The reason I bring it up is due to these ancient European references to it. The resources I have read of ancient Europe refer consistently to the existence of giant wolves that became woven into the myth and lore of our ancestors. For instance, these wolves were big enough to ride, and certain females of unusual stature rode them to the terror of those around them, such as the giantess “Hyrokin.”

It was also said that the god of our ancestors, Odin, had two wolves, Geri and Freki, by name. These were his constant companions. It says that He never ate meat, but always gave it to his wolves. They were his guardians and friends… never tied but always at his side. However, their names mean, “Greed” and “Gluttony.” This is where “myth” enters into it.
“Myth,” as a word, is often used today as if something is not true. People say, “Oh, that’s just a myth!” When in ancient times, “myth,” did not mean something “not true,” but just the opposite. Instead, “myth” meant “symbolic truth.” That is, using “pictures” rather than “a thousand words” to present a complicated, but true idea. So they used myth freely to express ideas and “truths” not easily communicated with words. For instance, look up the word “good” in the dictionary and it will tell you it came from the word “god.” That is all the word “god” meant in ancient Europe, “good.” The “good” within was the “god” within and vice versa. The “god” of nature, was the “good” of nature, and so on.

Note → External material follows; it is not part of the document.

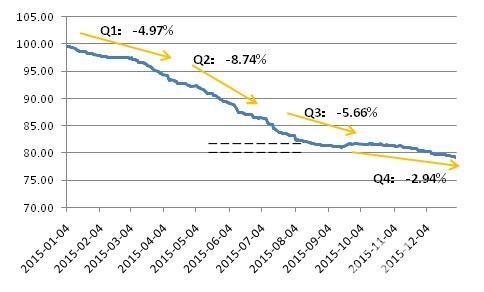 數(shù)據(jù)來(lái)源:國(guó)家統(tǒng)計(jì)局 3.2、市場(chǎng)恐慌情緒引致水泥價(jià)格一路走低 2015年,中國(guó)水泥價(jià)格指數(shù)(CEMPI)從年初的99.8點(diǎn)下跌至年末的79.25點(diǎn),累計(jì)跌幅達(dá)20.59%,較2014年跌幅進(jìn)一步加深。年內(nèi),水泥價(jià)格除在九月底至十月中旬有所反彈外,其余時(shí)間基本呈單邊下跌走勢(shì)。分季度看,各季度水泥價(jià)格均有不同程度的下跌,其中二季度跌幅最大,達(dá)到了8.74%,四季度屬于水泥銷售旺季,然而市場(chǎng)表現(xiàn)乏力,水泥價(jià)格也下跌了2.94%。 圖3:2015年中國(guó)水泥價(jià)格指數(shù)走勢(shì)

So mythically speaking, the “good” within, also has two “wolves” defending “good” and being loyal to it keeping those who would attack “good” at bay. These “wolves” however, mythically refer also to the consuming hungers and cravings we have within that need to be fed or they get out of hand… In fact, the same lore says that in the end, “god” is killed and eaten by a Dire Wolf or giant wolf, named Fenris, who grew from a pup into a Werewolf of sorts that possessed intelligent but ravenous thought and speech. Often people do let their cravings consume their life, their “good” life. So our inner “wolves” can be our loyal friends that give us the drive in battle we need to win. Or they can grow to take on a life of their own, turn and destroy the “good” in us by our unchecked greed or gluttony.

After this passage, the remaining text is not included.